Таня никак не могла свыкнуться с мыслью, что Ванька в Дубодаме, где медленно умирает, а жизнь между тем продолжается, как будто ничего и не произошло. Идут лекции. По коридорам Тибидохса ходят ученики, даже отсюда слышен их смех. Все так же ревут в ангарах молодые драконы и плещутся в озерцах русалки. Все так же, да не так. Почему-то после гибели Пуппера у Тани не было такого ощущения. Да и вообще ощущения гибели не было, а нечто другое, смутное…
Неожиданно в дверь кто-то постучал.
– Кто там? Ягун, ты? Зайди попозже! – крикнула Таня. Ей не хотелось никого видеть.

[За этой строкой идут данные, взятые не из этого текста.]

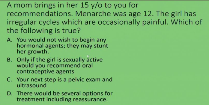 Reassure her that everything is fine, she will not need an exam typically, and that her body is adjusting to puberty. In these pts. the body is making plenty of estrogen but not enough progesterone yet so if the situation requires treatment, oral contraceptives or course of cyclic progesterone. (all in attempt in reproduce normal cycle)

Никто не ответил, но стук повторился. Пожав плечами, Таня потянула ручку. Ей пришло в голову, что это очередной фокус Пипы. Дурневская дочка еще в Москве обожала закрывать дверной глазок ладонью, а потом орать: «Вооруженное ограбление!»
Но это была не Пипа. В комнату, пошатываясь, ввалился Генка Бульонов. Он был бледен. Волосы прилипли к потному лбу. Одежду покрывал толстый слой грязи. От него пахло подвальной сыростью и хмыриными нечистотами. Одну руку Генка зачем-то держал под одеждой.
– Помоги! – прохрипел он. – Меня преследуют!
Таня кинулась к Бульонову. Она была от него уже в полушаге, как вдруг что-то – позднее она даже не могла объяснить, что именно, – заставило ее отпрянуть.
Генка медленно поднял голову. В его глазах зажглось нечто новое. Теперь это было уже не страдание. Ненависть. Ярость. Внезапно Бульонов расхохотался. Тело его затрепетало, забулькало – как же мало в нем было от прежнего долговязого и неуверенного Генки. Сейчас в осанке его появилось что-то старушечье.
– А, сообразила? Что ж – так даже лучше! Получи! – крикнул Бульонов. Он высвободил ту самую спрятанную под одеждой руку, и Таня увидела в ней короткий жезл,
Поняв, что он сейчас ударит ее концом жезла в грудь, Таня рванулась назад, перескакивая через бестолково наваленные чемоданы Пипы. Дочка дяди Германа каждые пять минут рылась в них в поисках какой-нибудь маечки, в существовании которой сама не была уверена. Приходилось срочно вызывать купидона и отправлять его с запиской в Москву, к мамуле. Зная, как щедро расплачиваются Дурневы, за окном вечно вертелось с полдесятка крылатых младенцев.
И вот теперь чемоданы оказались очень кстати. Перескакивая через них, Таня оторвалась от Бульонова, который, поскользнувшись, неуклюже растянулся на животе, выронив жезл.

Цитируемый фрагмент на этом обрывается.